▶ **Task to complete**: From the first line to the last, print the records exactly, leaving out the pictures.

▶ **Dataset records**:
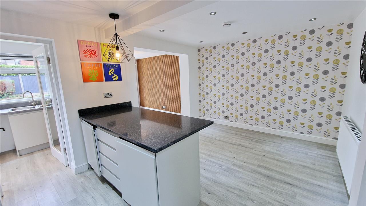 View from the open kitchen into the dining area housing a ceiling light point directly over the worktop/breakfast bar area housing the integrated separate fridge and freezer.
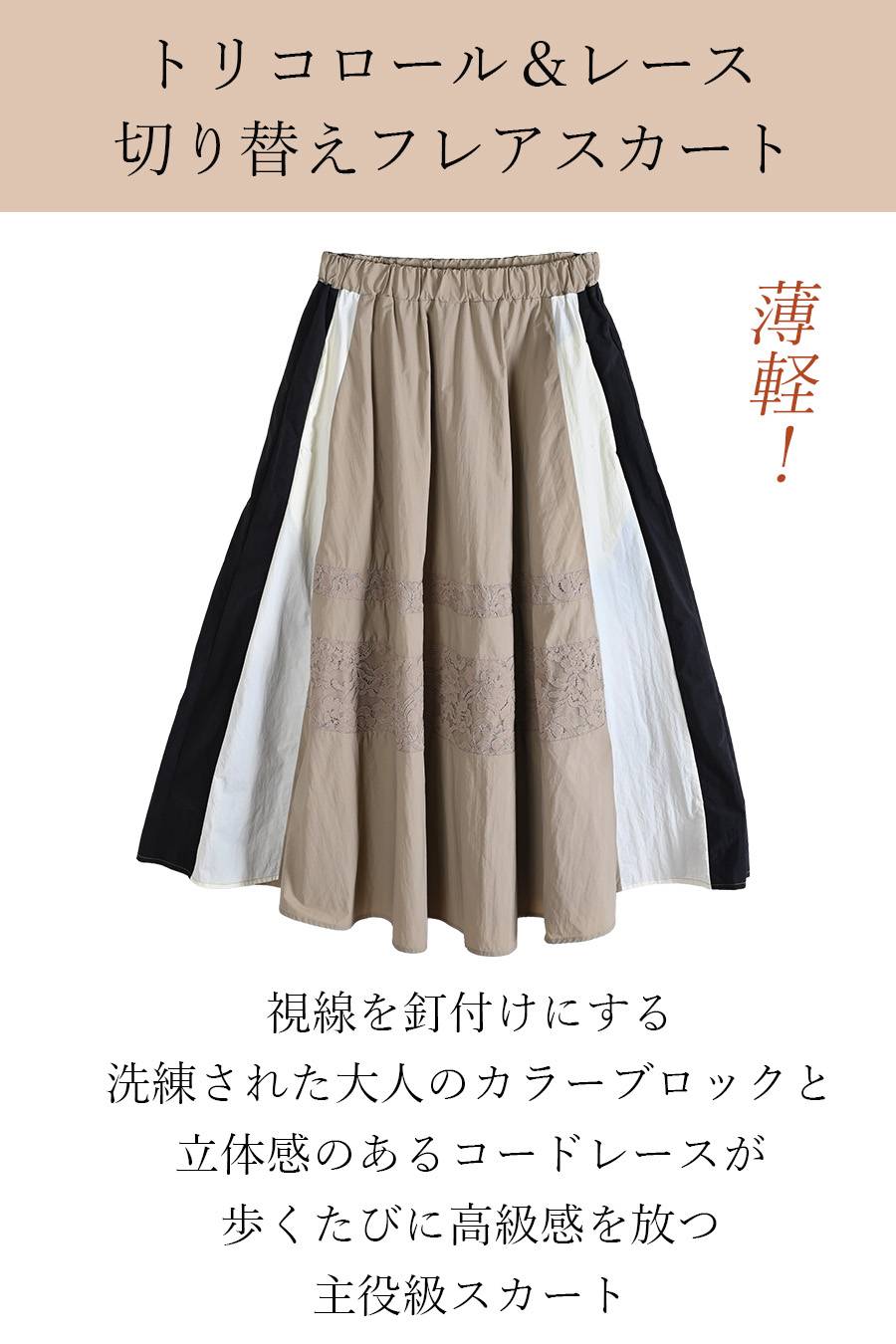 大人のビスチェ風レースブラウス+超軽量タフタ フレアスカート 2点セットコーデ
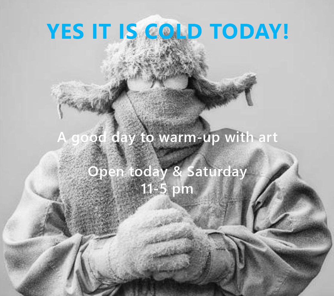 Yes, it is cold outside! A very good day to warm-up with art. Open today and Saturday 11-5 pm
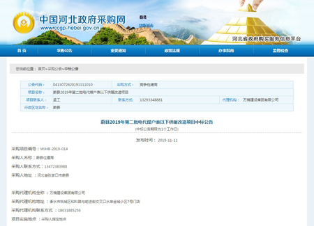 河北光源太陽能科技有限公司,在2019年11月11日,蔚縣2019年第二批電代煤戶表以下供暖改造項目中標(biāo)公告,為我公司2019年度輝煌的經(jīng)營業(yè)績再添濃墨重彩的一筆,“光源進萬家 溫暖你我他”!圍繞著一個目標(biāo),朝著一個方向,光源人不斷邁進!
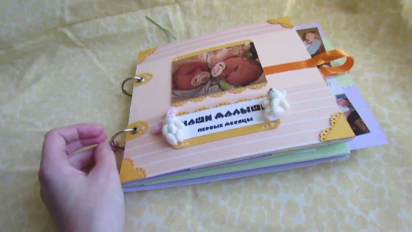 Новичкам стоит попробовать себя в оформлении своими руками альбома небольшого объёма – 15-20 страниц. Украсить семейный альбом внутри можно отсканированными документами, роддомовскими бирками новорожденных.
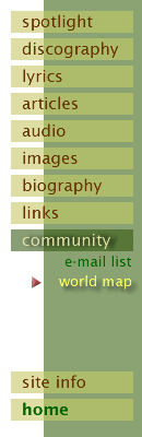 and how many of us will there be? Map of the WorldThese maps started out as a way to show where all the members of the siblings list live (say that three times fast). But it is not limited to members of the siblings e-mail list -- it also includes visitors to this site. To add yourself to the map, send an e-mail that states the location of your primary residence (latitude and longitude, preferably). Use "map of the world" as the subject. The maps Earth |
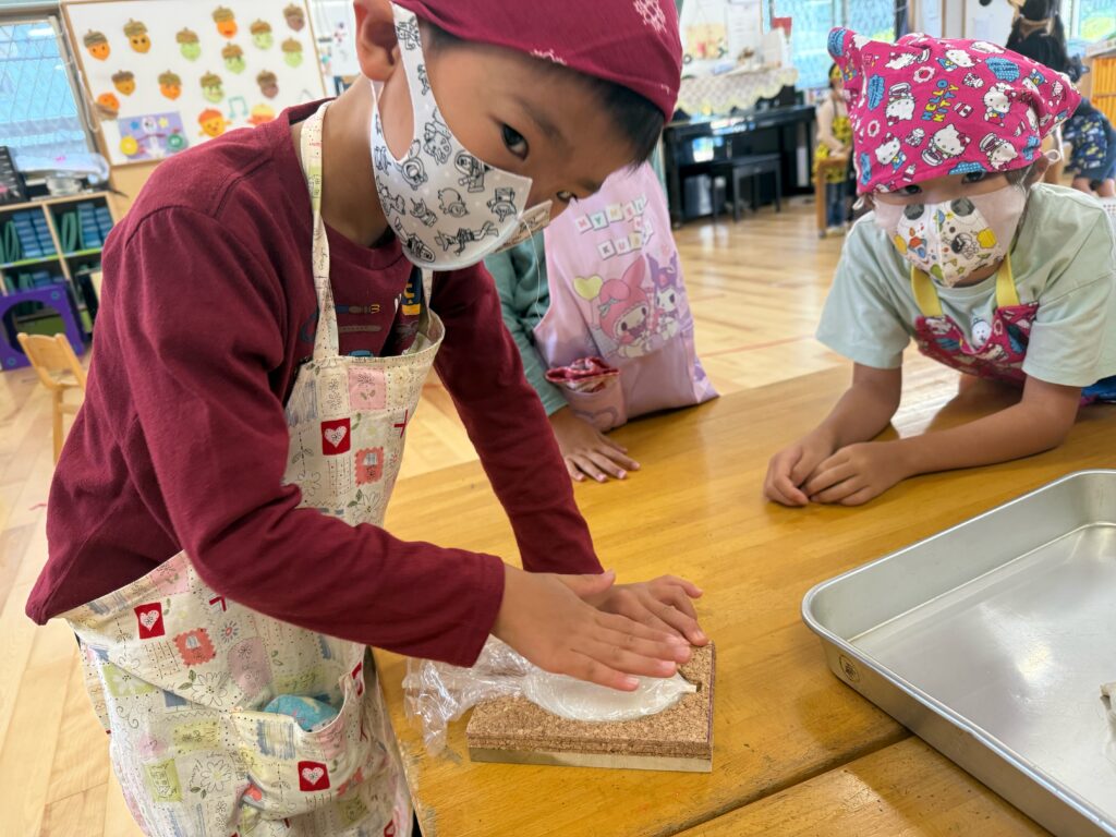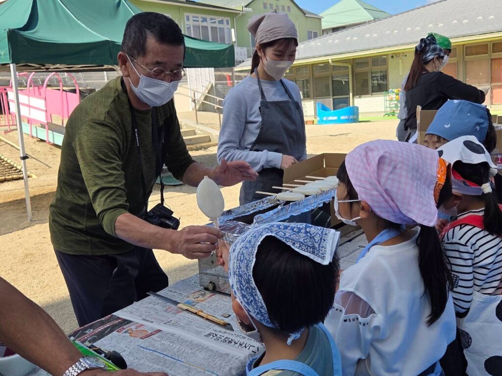 10/27(月) 馬籠宿かなめ屋の五平餅屋さんに来て頂き、年長組で五平餅作りを行いました。
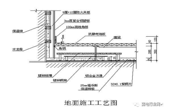 首先要在地板的下方先铺设一层铜泊,用于和地板的充分接触,其次就是把铜泊铺设到墙边时,汇集几个点接到接地线上(三到五个点最佳,防止在使用中有点的断开),接地线的另一端要连接一个接地柱,接地柱最好能埋在地面50CM以下的深度,这样才能使地板起到静电释放的作用!结合布线系统的设计及施工,在地面架空安装强弱电走线线槽及接地铜排,强弱电走线线槽之间间距大于30mm。在地面铺设和地板下四周墙面铺设25mm厚阿姆斯壮一级福乐期保温棉,包福乐斯不燃铝箔,起到保温、隔热、防潮作用,至此,地面预处理完成。
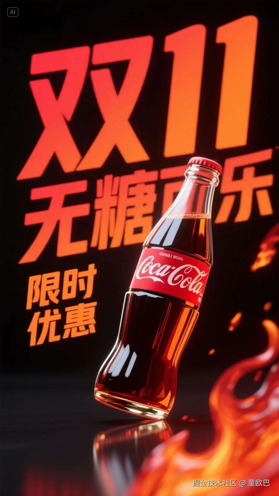 提示词:无糖可乐双11电商海报
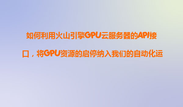 2025-11-10如何利用火山引擎GPU云服务器的API接口将GPU资源启停纳入自动化运维流程 一、火山引擎GPU云服务器的核心价值与优势 火山引擎作为字节跳动旗下的云计算服务平台,其GPU云服务器产品提供高性能计算能力,尤其适用于A...
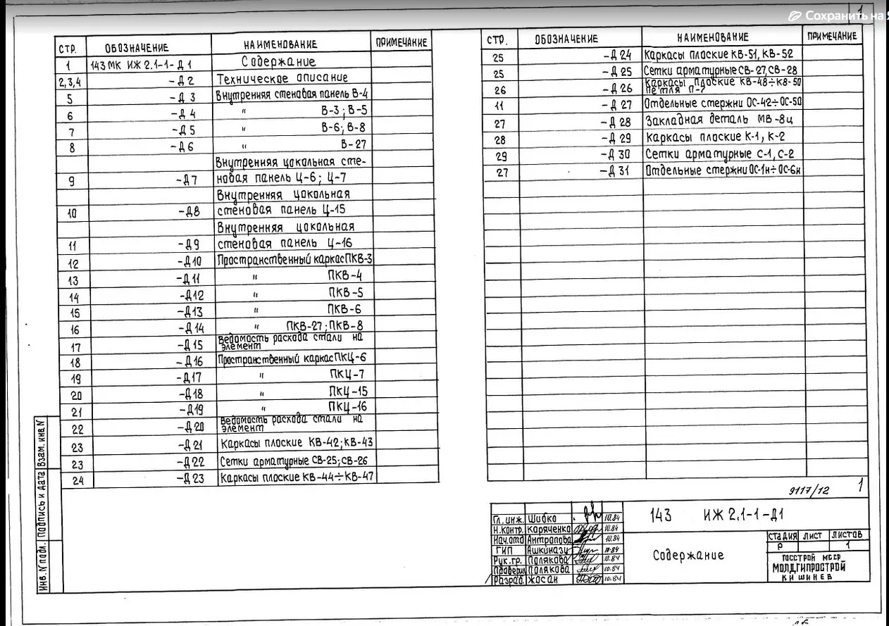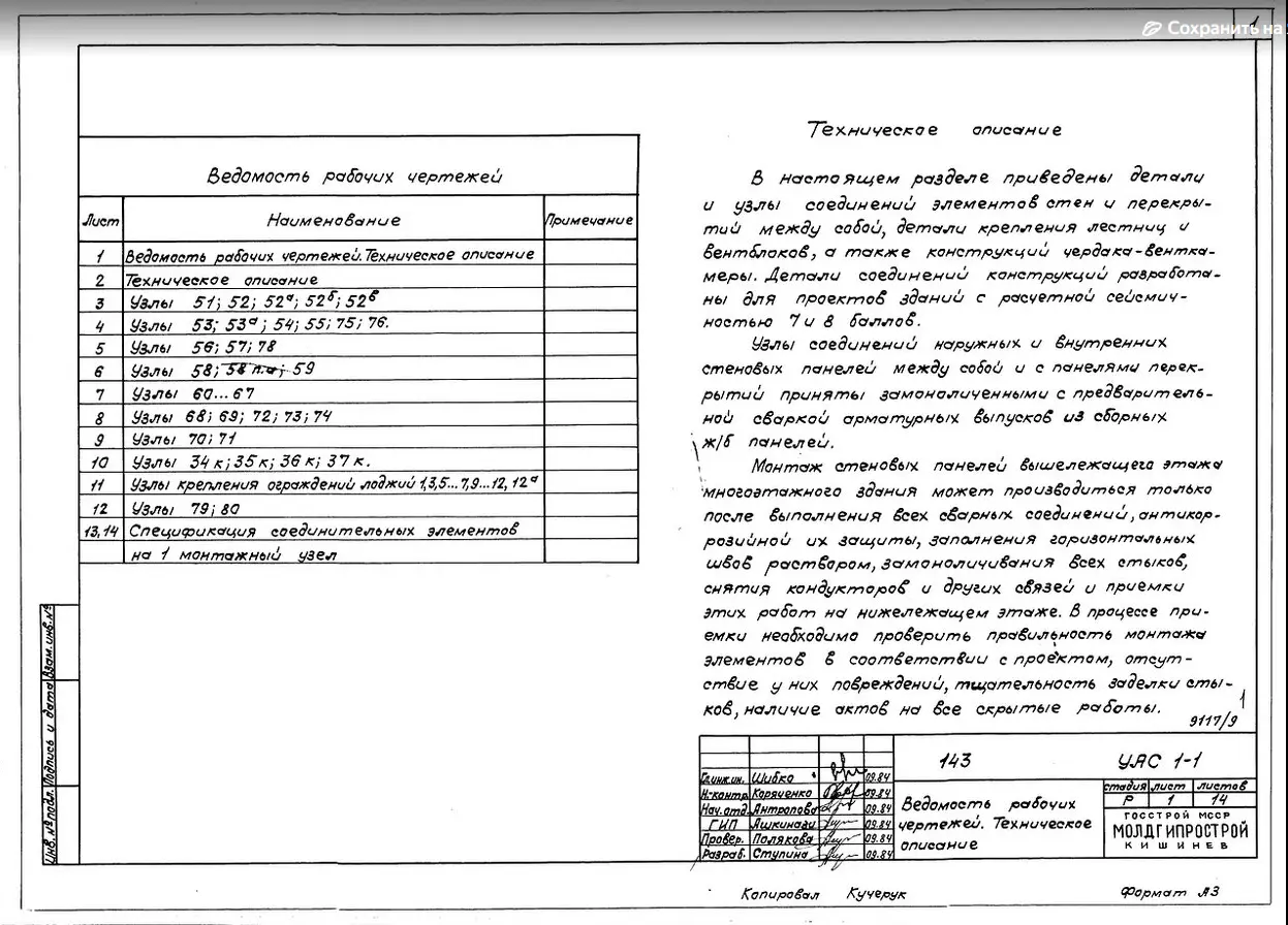 серия 143 9-ти и 5-ти этажные жилые дома для строительства молдавской ССР в районах с сейсмичностью 7-8 баллов Изделия к серии

▶ **Response to the exercise**:
 View from the open kitchen into the dining area housing a ceiling light point directly over the worktop/breakfast bar area housing the integrated separate fridge and freezer.
 大人のビスチェ風レースブラウス+超軽量タフタ フレアスカート 2点セットコーデ
 Yes, it is cold outside! A very good day to warm-up with art. Open today and Saturday 11-5 pm
 河北光源太陽能科技有限公司,在2019年11月11日,蔚縣2019年第二批電代煤戶表以下供暖改造項目中標(biāo)公告,為我公司2019年度輝煌的經(jīng)營業(yè)績再添濃墨重彩的一筆,“光源進萬家 溫暖你我他”!圍繞著一個目標(biāo),朝著一個方向,光源人不斷邁進!
 Новичкам стоит попробовать себя в оформлении своими руками альбома небольшого объёма – 15-20 страниц. Украсить семейный альбом внутри можно отсканированными документами, роддомовскими бирками новорожденных.
 and how many of us will there be? Map of the WorldThese maps started out as a way to show where all the members of the siblings list live (say that three times fast). But it is not limited to members of the siblings e-mail list -- it also includes visitors to this site. To add yourself to the map, send an e-mail that states the location of your primary residence (latitude and longitude, preferably). Use "map of the world" as the subject. The maps Earth |
 10/27(月) 馬籠宿かなめ屋の五平餅屋さんに来て頂き、年長組で五平餅作りを行いました。
 首先要在地板的下方先铺设一层铜泊,用于和地板的充分接触,其次就是把铜泊铺设到墙边时,汇集几个点接到接地线上(三到五个点最佳,防止在使用中有点的断开),接地线的另一端要连接一个接地柱,接地柱最好能埋在地面50CM以下的深度,这样才能使地板起到静电释放的作用!结合布线系统的设计及施工,在地面架空安装强弱电走线线槽及接地铜排,强弱电走线线槽之间间距大于30mm。在地面铺设和地板下四周墙面铺设25mm厚阿姆斯壮一级福乐期保温棉,包福乐斯不燃铝箔,起到保温、隔热、防潮作用,至此,地面预处理完成。
 提示词:无糖可乐双11电商海报
 2025-11-10如何利用火山引擎GPU云服务器的API接口将GPU资源启停纳入自动化运维流程 一、火山引擎GPU云服务器的核心价值与优势 火山引擎作为字节跳动旗下的云计算服务平台,其GPU云服务器产品提供高性能计算能力,尤其适用于A...
 серия 143 9-ти и 5-ти этажные жилые дома для строительства молдавской ССР в районах с сейсмичностью 7-8 баллов Изделия к серии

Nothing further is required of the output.